Wednesday, September 23, 2015

Who's Really In Charge Of Interest Rates? A Graphic Novel

The Fed just can't decide to keep rates down forever. This is why.  -RW

(ht Rick Fitz via ZeroHedge)


  1. "The Fed just can't decide to keep rates down forever."

    Yes, they can. Would like to see you write an article making your case. This cartoon is quaint, but doesn't offer an argument.

    The Fed could verily keep interest rates down until such time as the dollar collapses to worthlessness. It just needs to print ever-increasing amounts of money and relentlessly buying bonds. It is already riding up this curve now. So the question is simply when will the Fed voluntarily _choose_ to get off the accelerating toboggan to collapse. I.e., what are the Fed governors’ personal tolerance levels for price inflation and dollar devaluation resulting from money supply expansion.

    When will the Fed bureaucrats effectively admit they were wrong and reverse course? Given the personalities involved in the decision-making, and the degree of dependence their entire careers and livelihoods have on their unwavering faith in Keynesian economics, I’m guessing it could be a good bit longer yet. Things will have to start to get pretty bad. And in a worst case, if they are totally unwilling to admit failure, then never!

    Yes, the Fed does have to live with the market consequences of its actions. Which can be awful. But the Fed has shown it has great comfort with really awful consequences. Heck, it _targets_ 2% inflation. Which has really awful consequences. And the Fed doesn’t blink an eye.

    The question of Fed governor psychology is the one to discuss. Not when the Fed will be "forced" to raise rates. The Fed does not get forced by the market. It applies force to the market. The Fed is unlimited in its power to print however much money it takes to keep rates at 0% as long as it chooses to.
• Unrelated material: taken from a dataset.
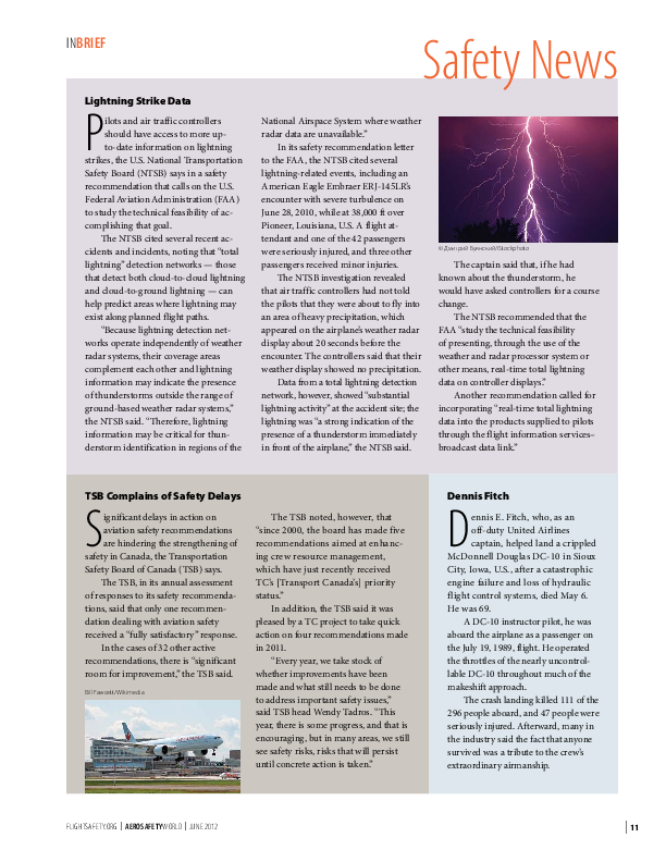 Safety News from AeroSafety World June 2012 edition. NTSB calls for greater access to Lightning detection Network Data.

Just as long as the dollar is still in use by anyone as a viable currency.

    1. This application of force to the "markets" becomes particularly possible in the current mixed economy that is tending towards greater and greater fascistic control by the government. "Markets" and outcomes become malleable and "official" statistics become meaningless. These exact things happened in fascist Italy and Germany in the 1930s.

    2. I'll add that high inflation is what the government wants, nay needs, to deal with its debt problem. Politicians painted themselves into a corner with the size of the debt and need an out. The Fed has every imaginable political and practical incentive to keep printing.

  2. I maintain that the Fed has not raised interest rates because they have not yet been able to figure out how they would stick the taxpayers with their own inevitable losses and the losses of their cronies, like they did in 2008. The easily plundered wealth is simply not there like it was in 2008. That's why there's all this talk of ditching cash. The Fed and their cronies need another easily accessible source of wealth to plunder before they can raise interest rates significantly.